**Work item**
Beneath this task are records; print exactly the stretch of them from the line with "1girlbandeaubandeau bikiniblonde hairblue" through the line with "The regrets and", both ends included.

**Extracted entries**

##############################

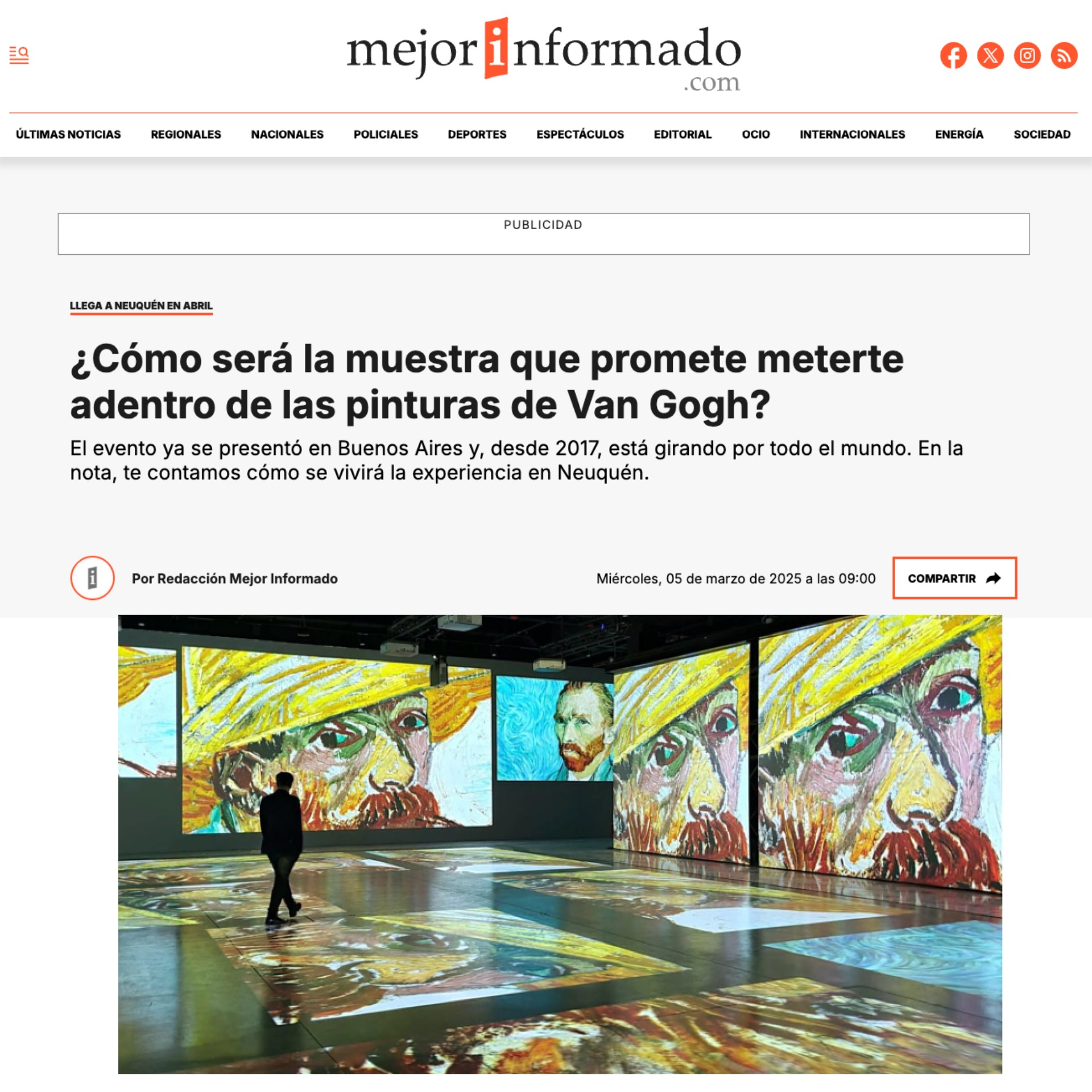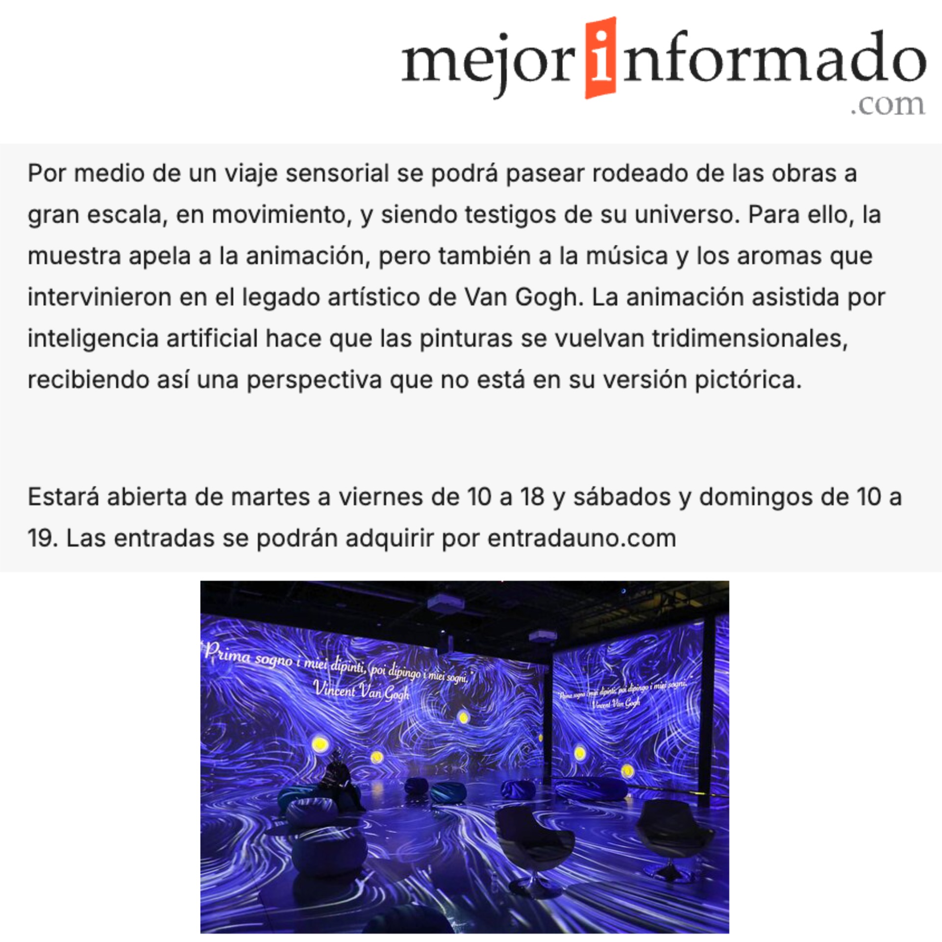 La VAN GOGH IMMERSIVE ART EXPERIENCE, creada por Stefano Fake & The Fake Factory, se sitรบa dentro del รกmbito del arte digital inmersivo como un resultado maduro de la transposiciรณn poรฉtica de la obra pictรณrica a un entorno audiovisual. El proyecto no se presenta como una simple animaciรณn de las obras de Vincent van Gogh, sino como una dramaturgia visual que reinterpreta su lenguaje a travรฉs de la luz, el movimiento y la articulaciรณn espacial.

##############################

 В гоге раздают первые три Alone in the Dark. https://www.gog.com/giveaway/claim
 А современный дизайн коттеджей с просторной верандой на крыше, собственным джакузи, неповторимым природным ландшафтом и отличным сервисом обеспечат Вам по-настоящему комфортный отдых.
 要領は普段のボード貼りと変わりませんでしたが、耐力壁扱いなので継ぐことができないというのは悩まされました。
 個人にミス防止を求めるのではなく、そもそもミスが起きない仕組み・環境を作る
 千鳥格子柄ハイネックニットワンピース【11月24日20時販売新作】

##############################

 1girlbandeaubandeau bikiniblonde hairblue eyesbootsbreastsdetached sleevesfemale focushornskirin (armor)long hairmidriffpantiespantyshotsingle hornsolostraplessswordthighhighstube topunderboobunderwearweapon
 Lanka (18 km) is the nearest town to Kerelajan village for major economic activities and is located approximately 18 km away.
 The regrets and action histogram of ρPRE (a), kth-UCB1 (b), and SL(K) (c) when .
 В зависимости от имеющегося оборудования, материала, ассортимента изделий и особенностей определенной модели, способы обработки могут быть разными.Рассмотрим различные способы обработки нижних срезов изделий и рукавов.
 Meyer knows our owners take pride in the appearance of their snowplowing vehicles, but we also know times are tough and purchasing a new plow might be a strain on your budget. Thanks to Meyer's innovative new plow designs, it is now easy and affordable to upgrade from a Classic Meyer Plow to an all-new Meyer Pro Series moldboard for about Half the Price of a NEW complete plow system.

##############################

**Result below**
 1girlbandeaubandeau bikiniblonde hairblue eyesbootsbreastsdetached sleevesfemale focushornskirin (armor)long hairmidriffpantiespantyshotsingle hornsolostraplessswordthighhighstube topunderboobunderwearweapon
 Lanka (18 km) is the nearest town to Kerelajan village for major economic activities and is located approximately 18 km away.
 The regrets and action histogram of ρPRE (a), kth-UCB1 (b), and SL(K) (c) when .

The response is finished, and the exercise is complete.